Thursday, May 16, 2019

One more note on the Uber fleet -- it makes surge pricing go away*

[* realized what a bad title this was. Uber can still jack up prices at rush hour; it just won't put any more cars on the road.]

I'm nervous about using economic language here -- I'll probably get some of the terms mixed up -- but one of the the most attractive parts of the original Uber business model was surge pricing and the resulting elasticity of supply.

In order for this to work you need to satisfy a couple of essential conditions. First you have to have to have a big surplus of supply most of the time. It's the classic problem of staffing to the spikes. Second, you have to find a way to avoid paying for people and equipment when you're not using them.

Uber and Lyft actually managed to solve those two problems. There are a huge number of underemployed people out there with underutilized vehicles, and when they aren't carrying passengers, they cost the companies nothing.

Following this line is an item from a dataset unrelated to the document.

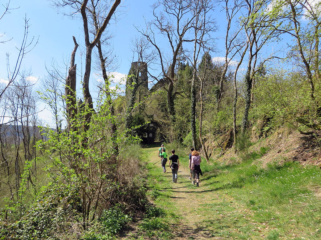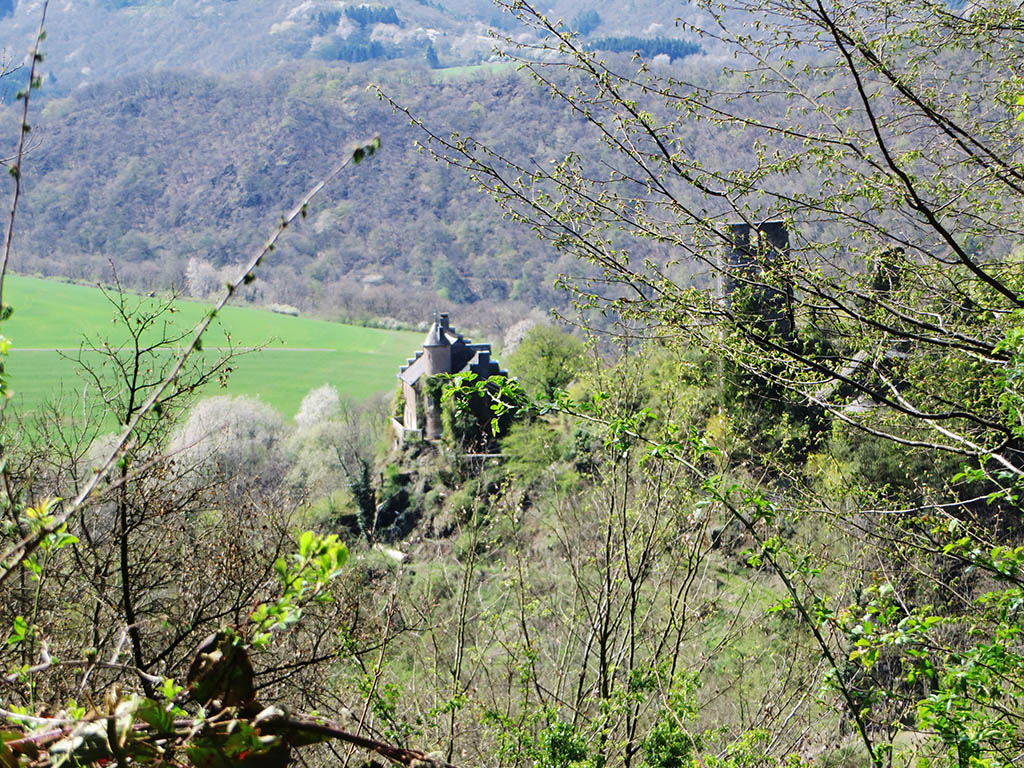 In Bivels nehmen wir den Fußgänger-Steg über den Stausee und gelangen auf die deutsche Seite. Unser Weg führt durch einen lichten Buchenwald den Berg hinauf. Mit jedem Schritt in die Höhe wird der See kleiner. Ich sehe links unten am Ufer noch einen Angler, der geduldig auf seinen Karfreitagsfisch wartet. Nach einer halben Stunde erreichen wir das erste Etappenziel: Die Burgruine Falkenstein thront auf einem Bergfels hoch über der Ourtalschleife. Das Burgtor ist leider verschlossen, aber auch der Platz vorm Tor ist wunderschön und romantisch. Wir gönnen uns eine kurze Pause.

Conventional wisdom recently has been that both Uber and Lyft need to jump on the self-driving bandwagon and acquire a fleet of autonomous vehicles as soon as we hit level five technology (something that's probably at least a good decade  away, but we'll put that aside for the moment). In addition to the previously mentioned flaws in this plan, both companies lose this tremendous latent supply. If they want to have a million cars available in a metro area for Friday afternoon rush hour, they will have to buy a million cars, and it's fair to assume a large majority of those cars will be sitting idle a large majority of the time.

It still feels weird to say this, but Elon Musk gets this one right.